Data to examine:
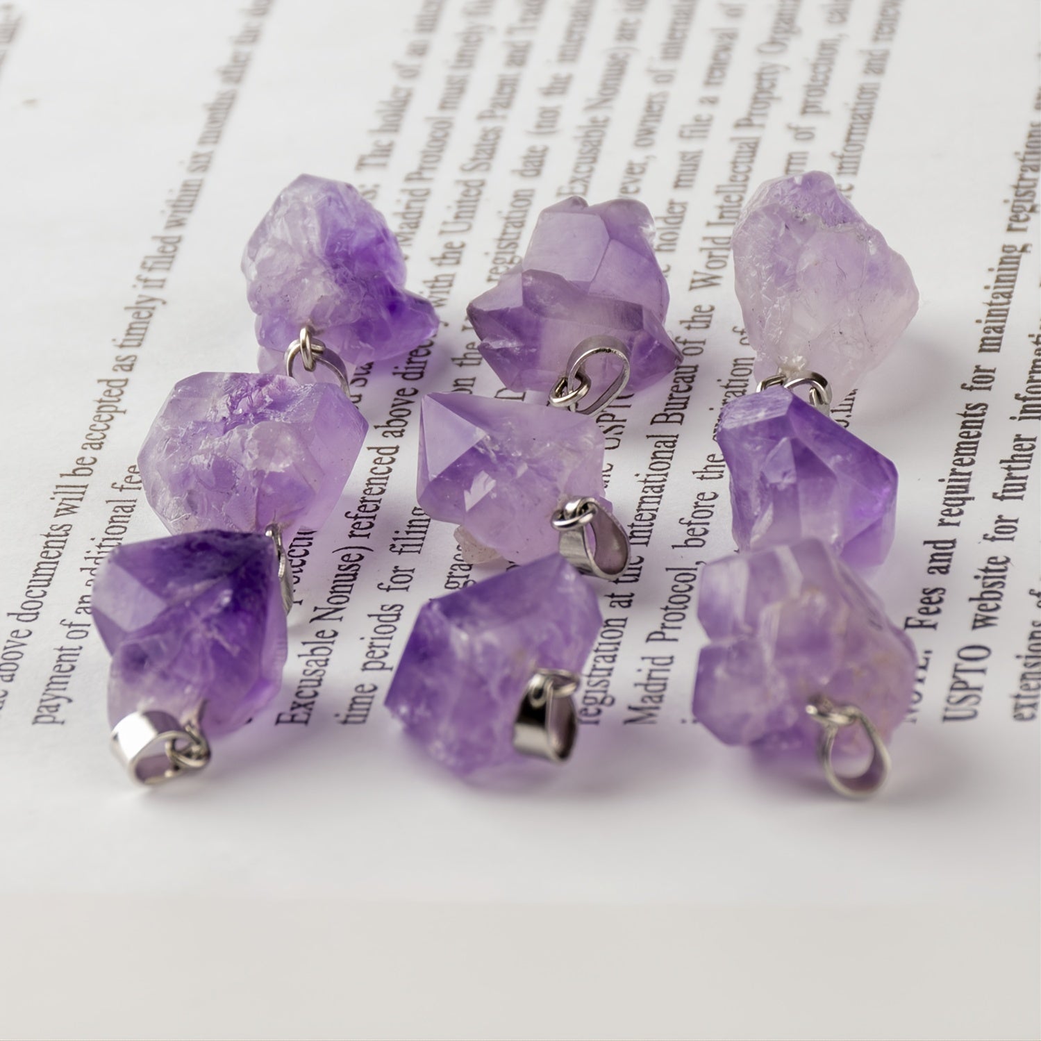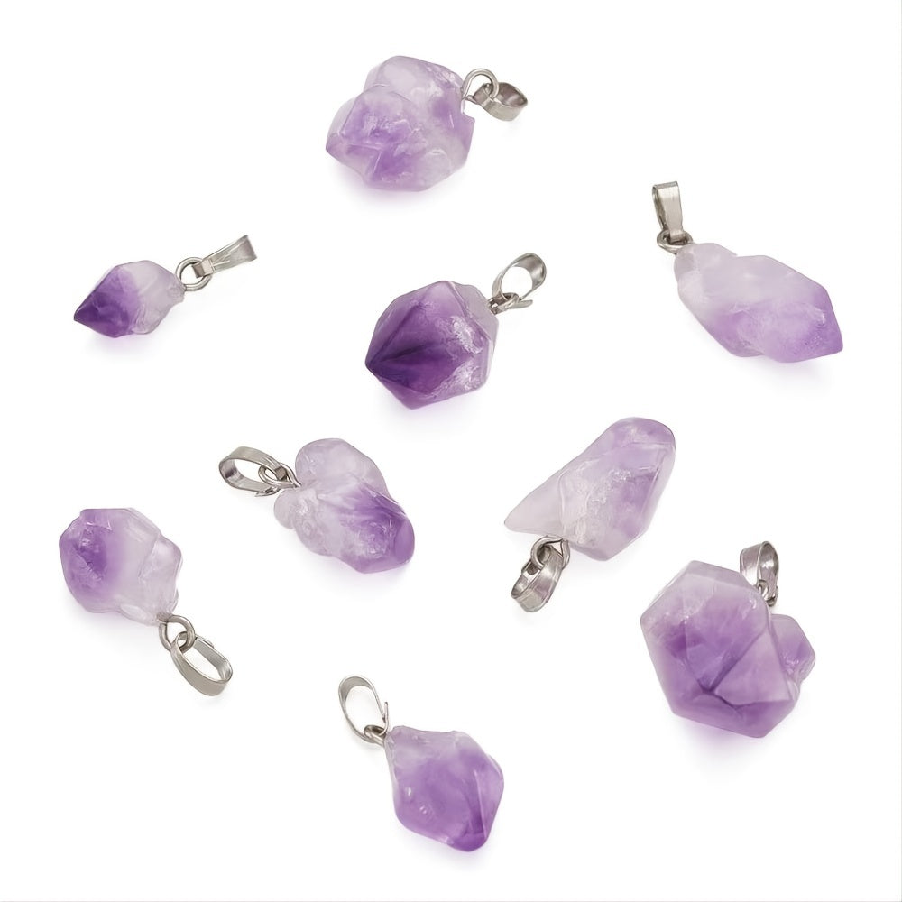 10Pcs Amethyst Rock Stone Pendants for Jewelry Making
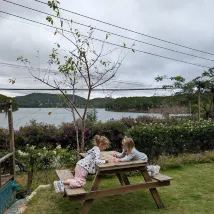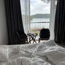 Место приятное. Вид на озеро прекрасный. Люди вежливые и отзывчивые. Нам было прохладно, принесли второе одеяло. Как правило, два завтрака на выбор. Хороший кофе под прессом. Ехать до города на такси около 20 минут. Машина приезжает быстро. Стоимость 120к примерно.
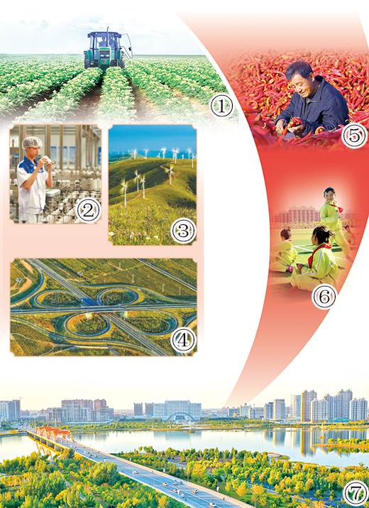 图⑤:鄂尔多斯市鄂托克前旗辣椒种植户喜迎丰收。
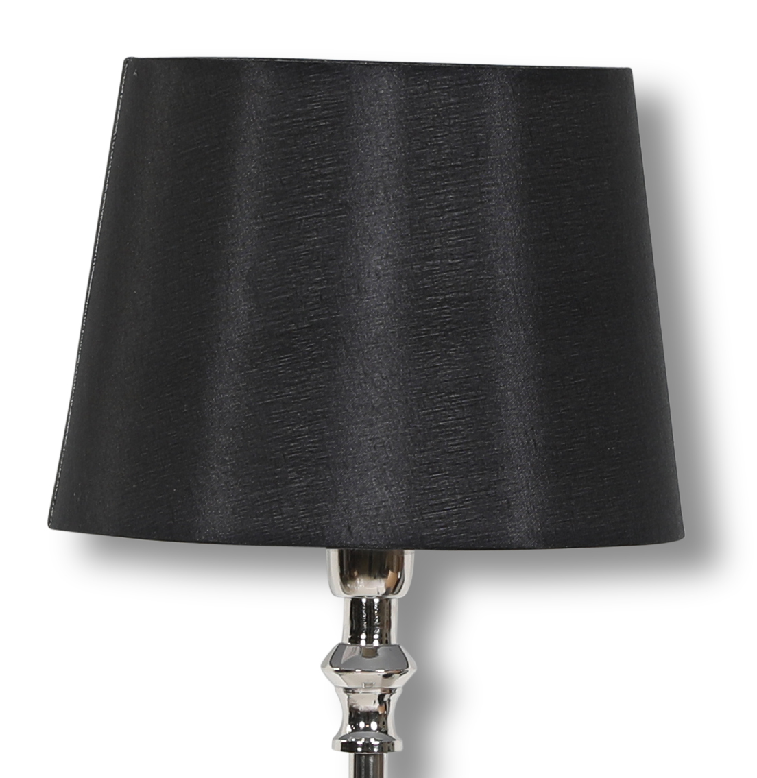 Lampskärm av sidenliknande tyg. Medföljande distansbricka gör det möjligt att använda lampskärmen till både E14- och E27-glödlampor. Glödlampa och lampfot ingår ej.
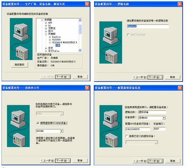 Danfoss變頻器的用戶群日益擴(kuò)大,所涉及的行業(yè)領(lǐng)域也日趨廣泛,同時近幾年基于手機(jī)無線通信網(wǎng)絡(luò)的GPRS數(shù)據(jù)傳輸技術(shù)也應(yīng)用更加廣泛。Danfoss變頻器應(yīng)用在一些非工廠的獨(dú)立設(shè)備上,類似于建筑工地塔吊和油田抽油機(jī)等,設(shè)備所有者或者監(jiān)控中心需要實(shí)時或是需要的時候了解設(shè)備當(dāng)前運(yùn)行狀態(tài),硬布線的方案不可行。所以本文將講述基于GPRS的對Danfoss變頻器的遠(yuǎn)程監(jiān)控。用戶需要為計算機(jī)申請公網(wǎng)IP地址或域名及現(xiàn)場設(shè)備上連接支持GPRS服務(wù)的DTU模塊。
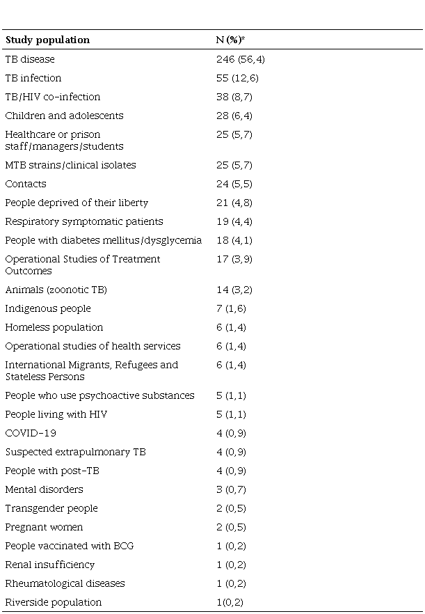 The studies covered a variety of populations, with the most frequent being people with TB “disease” (56.4%). People with TB infection were addressed in 55 (12.6%) studies and co-infection with HIV was the subject of 38 (8.7%) studies. Other populations addressed by the studies can be identified in (Table 3).
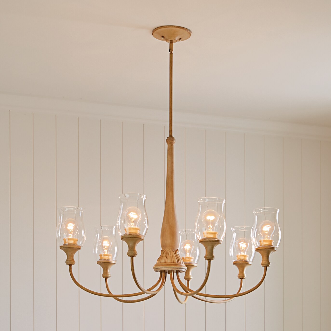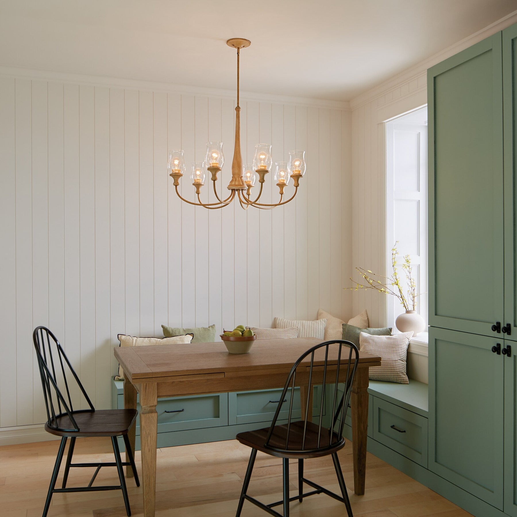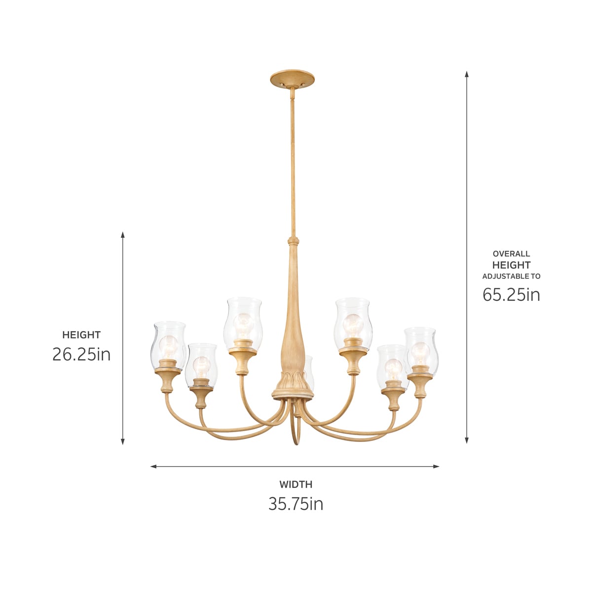 Illuminate your space with the Kichler Melis 7-Light Chandelier, a stunning blend of vintage design and modern elegance. Its Warm Maple wood finish and clear glass shades bring a natural, inviting warmth that perfectly accents farmhouse or cottagecore interiors. Ideal for kitchen or dining areas, this chandelier casts a gentle, ambient light that's both functional and chic.
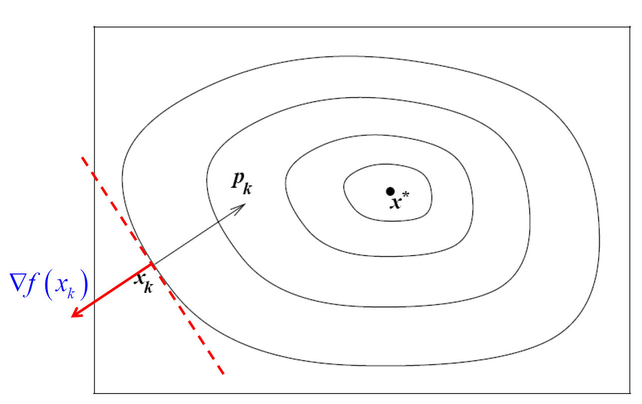 - 在线搜索策略(line search)中,算法首先选择一个搜索方向 ,然后从当前迭代点 出发,沿该方向寻找一个函数值更低的新迭代点。
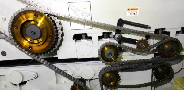 ![]() | ЦЕПНОЙ ПРИВОД ПОДАЮЩЕГО КОНВЕЙЕРА И РОЛИКОВСтанок имеет мощную цепную систему привода подающего конвейера, подающих роликов, с системой натяжения. Такой привод обеспечивает стабильную работу станка при тяжелых условиях эксплуатации. |
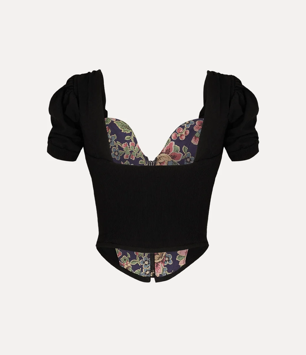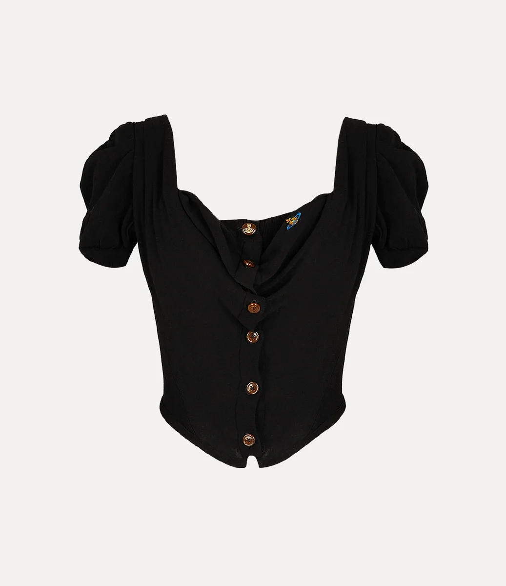 Bea Corset-kofta med korta ärmar har en delikat drapering vid halsringningen och axlarna, som faller i en strukturerad korsett med benstöd och knäpps med våra klassiska bärnstensfärgade knappar. Designen pryds av en broderad mångfärgad sfär på bröstet, som förkroppsligar Viviennes vision om att föra traditionen in i framtiden.

What to work on: Where a picture appears in the data, omit it; restate the rest word for word.

Written answer:
 10Pcs Amethyst Rock Stone Pendants for Jewelry Making
 Место приятное. Вид на озеро прекрасный. Люди вежливые и отзывчивые. Нам было прохладно, принесли второе одеяло. Как правило, два завтрака на выбор. Хороший кофе под прессом. Ехать до города на такси около 20 минут. Машина приезжает быстро. Стоимость 120к примерно.
 图⑤:鄂尔多斯市鄂托克前旗辣椒种植户喜迎丰收。
 Lampskärm av sidenliknande tyg. Medföljande distansbricka gör det möjligt att använda lampskärmen till både E14- och E27-glödlampor. Glödlampa och lampfot ingår ej.
 Danfoss變頻器的用戶群日益擴(kuò)大,所涉及的行業(yè)領(lǐng)域也日趨廣泛,同時近幾年基于手機(jī)無線通信網(wǎng)絡(luò)的GPRS數(shù)據(jù)傳輸技術(shù)也應(yīng)用更加廣泛。Danfoss變頻器應(yīng)用在一些非工廠的獨(dú)立設(shè)備上,類似于建筑工地塔吊和油田抽油機(jī)等,設(shè)備所有者或者監(jiān)控中心需要實(shí)時或是需要的時候了解設(shè)備當(dāng)前運(yùn)行狀態(tài),硬布線的方案不可行。所以本文將講述基于GPRS的對Danfoss變頻器的遠(yuǎn)程監(jiān)控。用戶需要為計算機(jī)申請公網(wǎng)IP地址或域名及現(xiàn)場設(shè)備上連接支持GPRS服務(wù)的DTU模塊。
 The studies covered a variety of populations, with the most frequent being people with TB “disease” (56.4%). People with TB infection were addressed in 55 (12.6%) studies and co-infection with HIV was the subject of 38 (8.7%) studies. Other populations addressed by the studies can be identified in (Table 3).
 Illuminate your space with the Kichler Melis 7-Light Chandelier, a stunning blend of vintage design and modern elegance. Its Warm Maple wood finish and clear glass shades bring a natural, inviting warmth that perfectly accents farmhouse or cottagecore interiors. Ideal for kitchen or dining areas, this chandelier casts a gentle, ambient light that's both functional and chic.
 - 在线搜索策略(line search)中,算法首先选择一个搜索方向 ,然后从当前迭代点 出发,沿该方向寻找一个函数值更低的新迭代点。
 ![]() | ЦЕПНОЙ ПРИВОД ПОДАЮЩЕГО КОНВЕЙЕРА И РОЛИКОВСтанок имеет мощную цепную систему привода подающего конвейера, подающих роликов, с системой натяжения. Такой привод обеспечивает стабильную работу станка при тяжелых условиях эксплуатации. |
 Bea Corset-kofta med korta ärmar har en delikat drapering vid halsringningen och axlarna, som faller i en strukturerad korsett med benstöd och knäpps med våra klassiska bärnstensfärgade knappar. Designen pryds av en broderad mångfärgad sfär på bröstet, som förkroppsligar Viviennes vision om att föra traditionen in i framtiden.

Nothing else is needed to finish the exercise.